The demonstrations have lasted nearly two weeks and represent the most serious challenge to Iran’s senior theocratic leaders in a decade. And unlike past protest movements, they were led by women.

They were initially sparked by the death of a young Kurdish woman who was detained by the morality police, and the name Mahse Amini became a digital rallying cry for supporters.
But the protests have expanded into a broader call for change, from a population frustrated by political control and economic isolation and stagnation.
Security forces responded with live ammunition and brutal violence, killing over 50 people and arresting over 1,500.
But Iranians have continued to take to the streets, and in their homes, schools and offices to attack or remove images of the two supreme leaders who have ruled since the revolution – Ayatollah Khomeini and now Ayatollah Ali Khamenei.
In one video from the classroom, the girl replaced the image of the couple with the slogan of the protest movement, according to videos shared on social networks. In another picture, a group of teenagers were photographed making obscene gestures towards two men.
Demonstrators adopted a rallying cry originated by Kurdish female fighters: “Women. Life. Freedom”. In videos from across Iran, women walk and dance in the streets with their hair uncovered and burn their scarves.
Where people are unable to march, they have staged indoor protests and evaded government crackdowns online to post videos and photos.

Iranian authorities have a long history of using lethal force against protesters, including in 2019 and 2009. As the movement gathers pace and rulers in Tehran appear increasingly nervous, Western governments have warned Khamenei against escalation.
Joe Biden said he was “seriously concerned about reports of escalating violence.” Washington has supported technological solutions that would allow Iranian citizens to evade their government’s control of the Internet, the US president added. He also threatened “further costs” for anyone responsible for violence against peaceful protesters.
France demanded that the EU “target senior officials and hold them accountable,” the Associated Press reported. In the UK, the government summoned Iran’s ambassador and Foreign Secretary James Cleverley described the levels of violence as “truly shocking”.
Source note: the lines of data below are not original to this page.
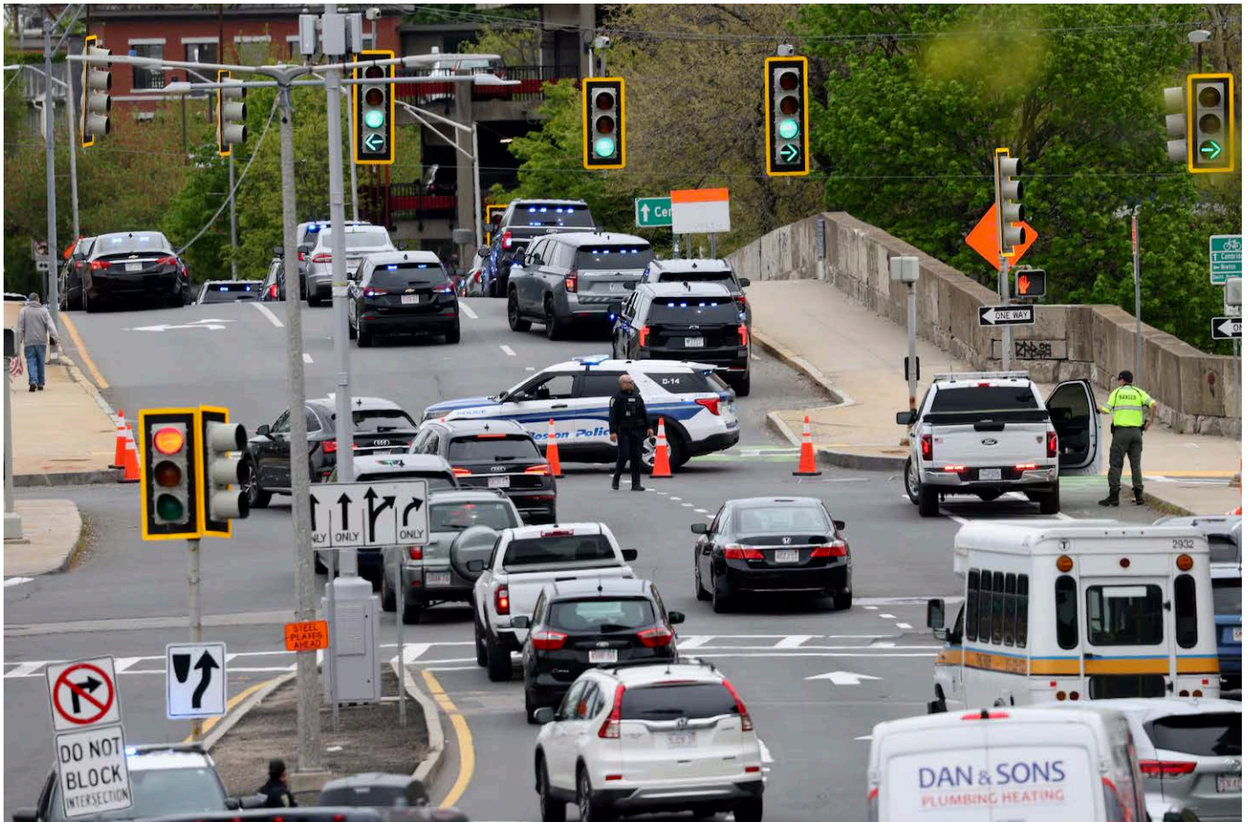
Cars were detoured trying to cross the River Street Bridge amid a heavy police presence on Memorial Drive in Cambridge on Monday.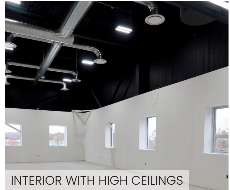
INTERIOR WITH HIGH CEILINGS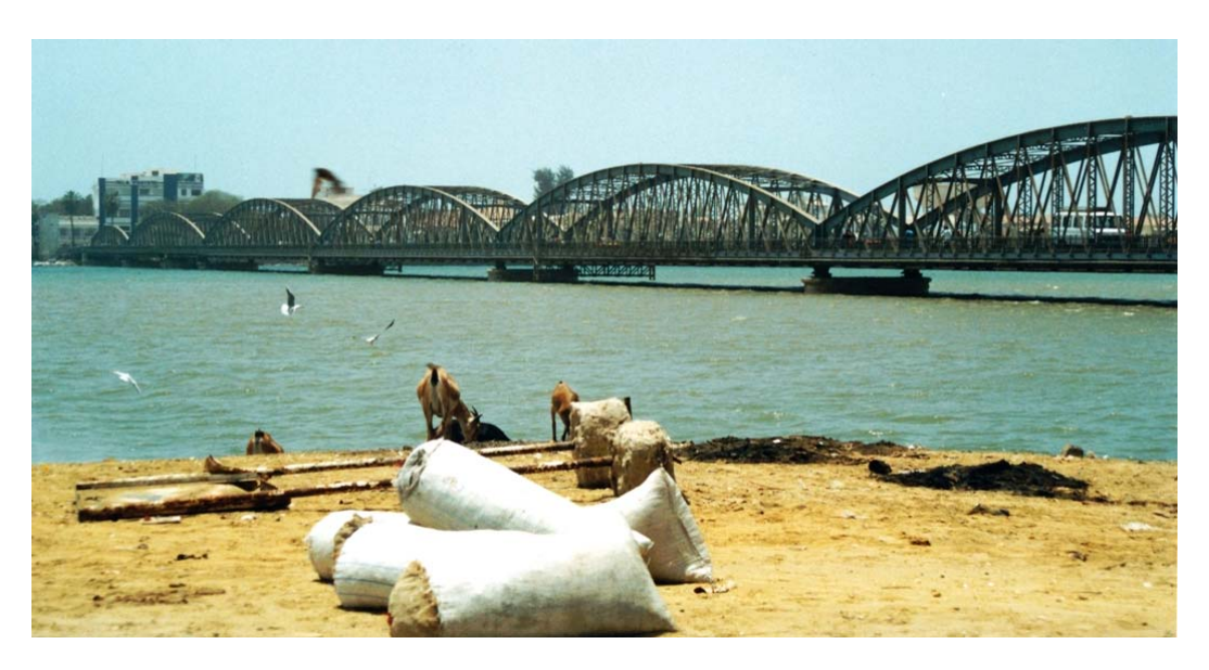
Above: The Faidherbe Bridge in Saint-Louis has 8 spans with a total length of 1600 feet (500 m). Below: Frieden on the road between Saint-Louis and Dakar.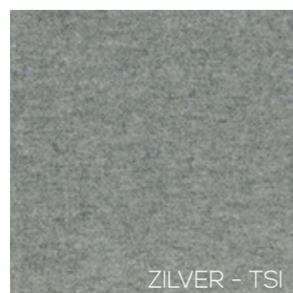
ZILVER - TSI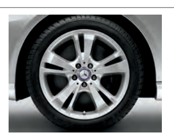
18" split 5-spoke<sup>2,24</sup> (E350 Sport Sedan)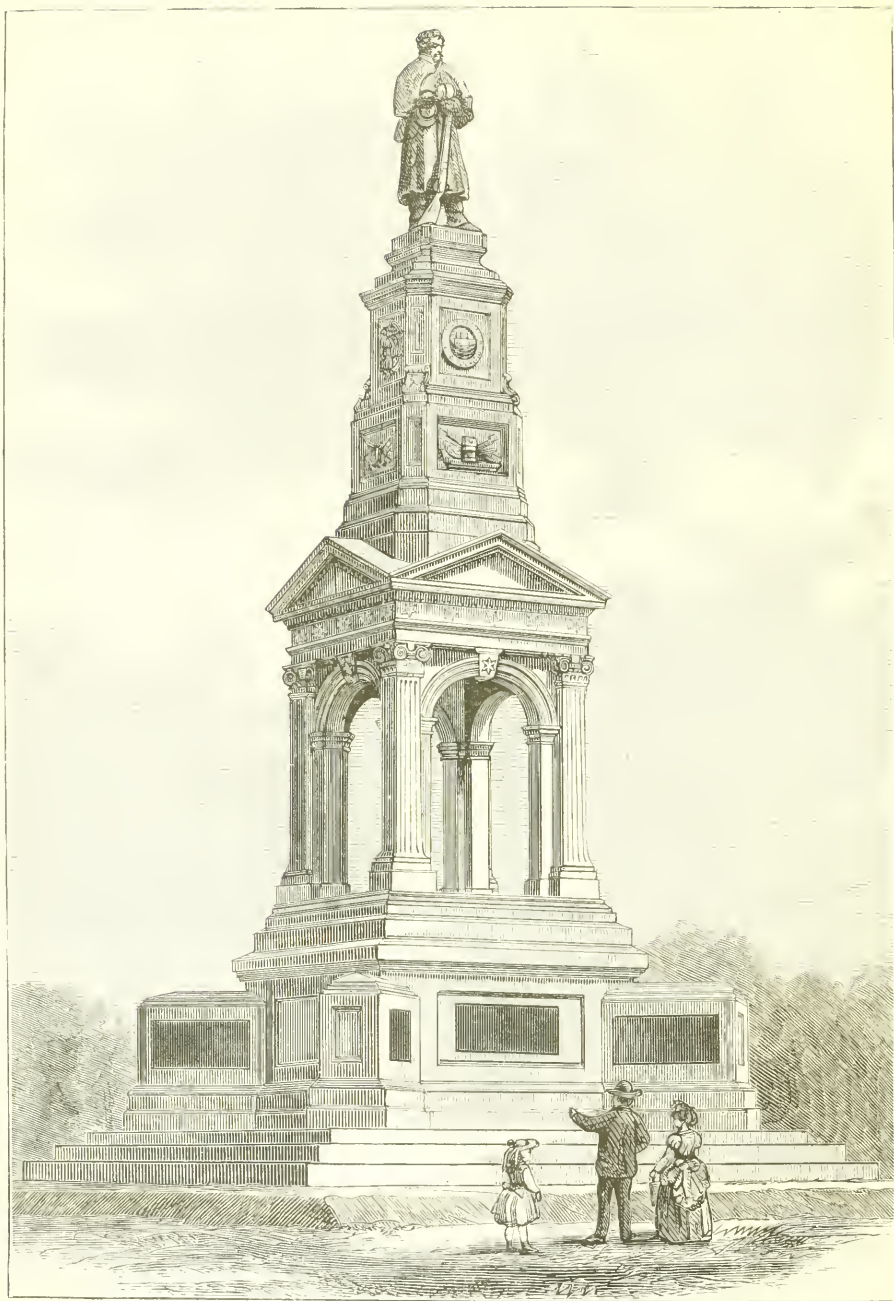
SOLDIERS' MONUMENT, CAMBRIDGE.

The government has tried to scare Iranian celebrities and journalists into silence online, and to force ordinary civilians to return to their homes, but so far their efforts have met with mixed success.
Students protested the mass arrests in Tehran on Monday, with demonstrations in the conservative city of Mashhad suggesting that so many were locked up that the country’s most notorious prison was more like a campus.
“Sharif University has become a prison!” “Evin prison has become a university,” they shouted. Sharif University became a battleground over the weekend, with students surrounded by security forces using tear gas and many arrested.
Schoolgirls marched through the streets without hijabs, shouting “Women. Life. Freedom” in the city of Karaj, west of the capital, and in the Kurdish city of Sanandaj, according to widely circulated footage.
The scenes had echoes of the days after the Islamic Revolution of 1979, which brought the current government to power. Then, as now, a large number of women came out to protest against the mandatory hijab, and high school students played a key role, although the demonstrations were eventually suppressed.
Dozens of Iranian journalists have been arrested in an apparent attempt to shut down news of the protests, and the government has tried to throttle the internet and block access to key social media sites used for both protest planning and news sharing.
Authorities also seized a musician who set protest songs and messages to music. Sherwin Hadjipour’s plaintive song “Zaradi Radi” became an unofficial anthem almost overnight; he was released on bail.
“For my sister, for your sister, for our sisters,” he sings on the record, acknowledging the key role of women at the forefront of the demonstrations.